# Homeschool Pulse Cargo II Pant - Review



## Atoxa (Feb 11, 2013)

Damn. These are good pants.

Stats:

- 2.5L

- 20k Waterproofing / 30k Breathability

Conditions

- Rode 4 days on this board.

1. Sunny / 40 degrees

2. Partly Cloudy / Around 30 degrees

3. Snowing / Around 20 degrees

4. 24" Powder / Around 10 degrees


My Thoughts

Damn. These are the best pants I've ever used. We've had every type of conditions in the last week I've used them in tahoe, and they have performed everywhere. They've never been hot, (more breathability than goretex), and I've never been wet once. I wear these with only my boxers underneath in every condition, and my legs have always felt perfectly comfortable.

- The crotch zips work great - you can feel the breeze, but it never let in any water. 

- The pockets are perfectly sized, and the zips are reliable.

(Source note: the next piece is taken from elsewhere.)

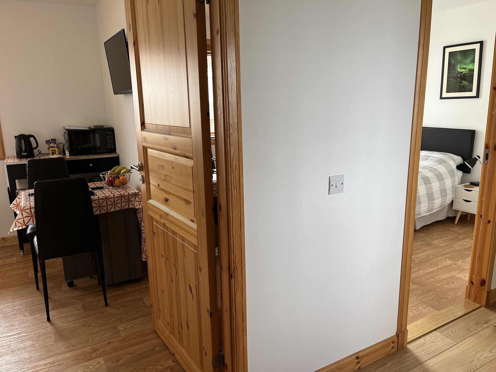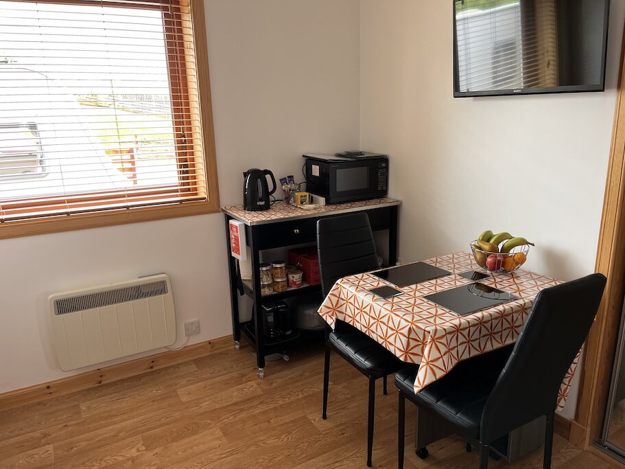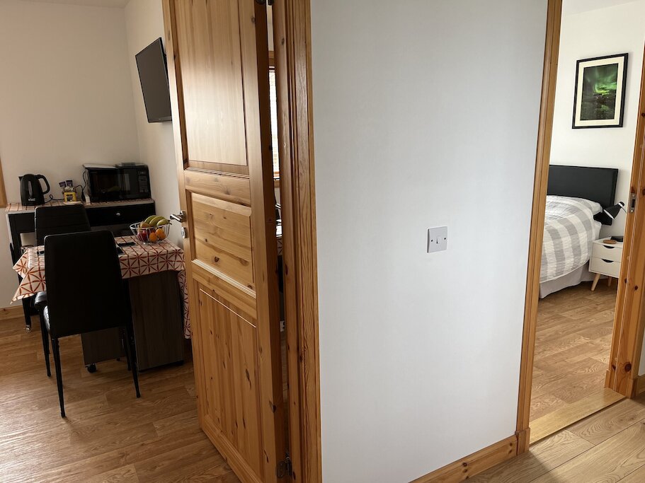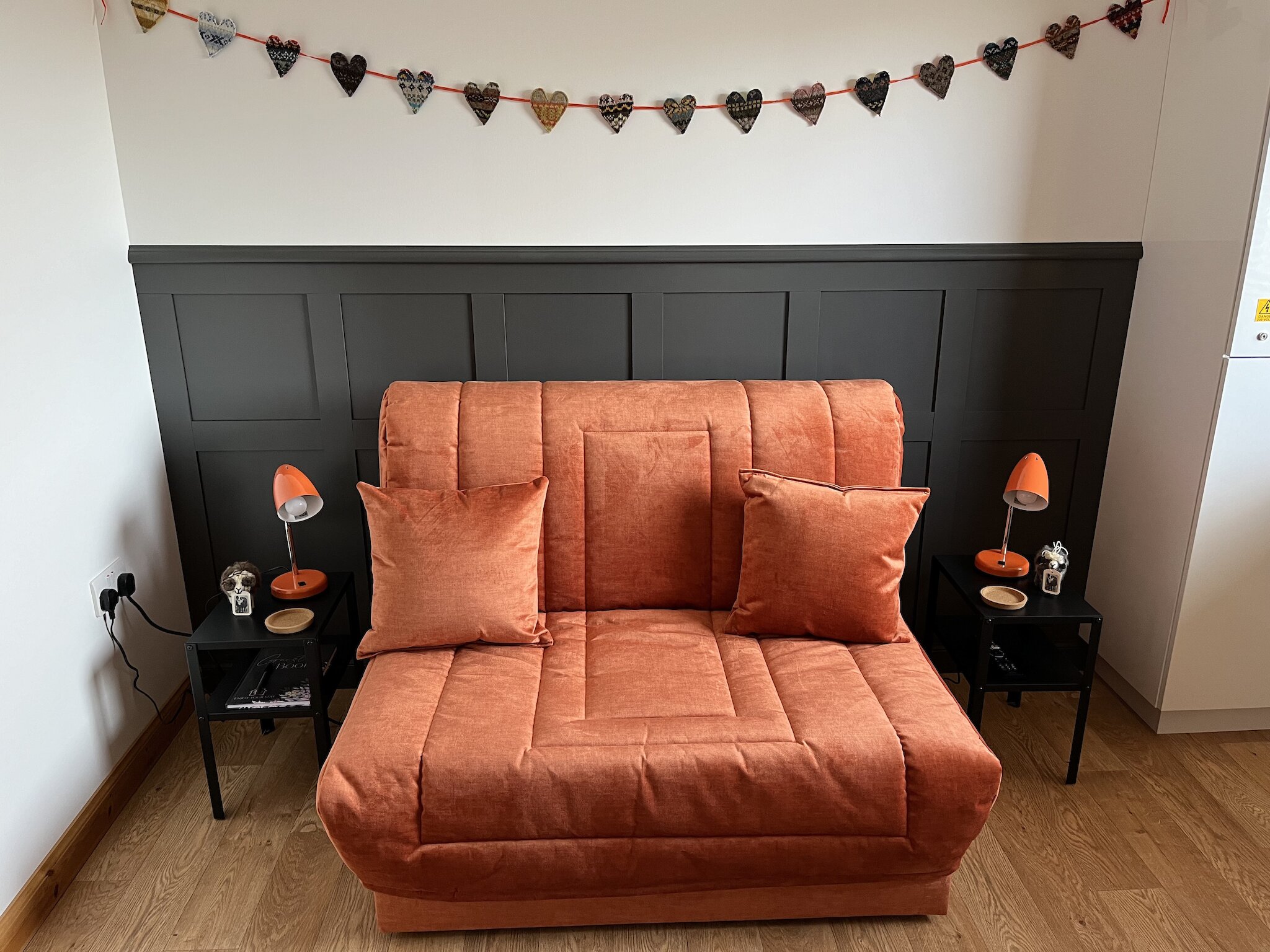 The accommodation is ideally suited to 2 guests, however, there is a sofa bed in the living room which can sleep 2 extra guests on the same booking. (Sofa bed opens to a small double bed and requires to be set up nightly.)

- The fit is a bit baggy, but I like that, I'm about 6 foot and weigh around 150.

Overall

Great investment, they've shown no signs of wear and I've been putting them through the wringer with a whole lot of falls on rails and tomahawking through the pow at kirkwood. I've used burton and Saga pants before this, and they don't match up to these pants.

10/10


----------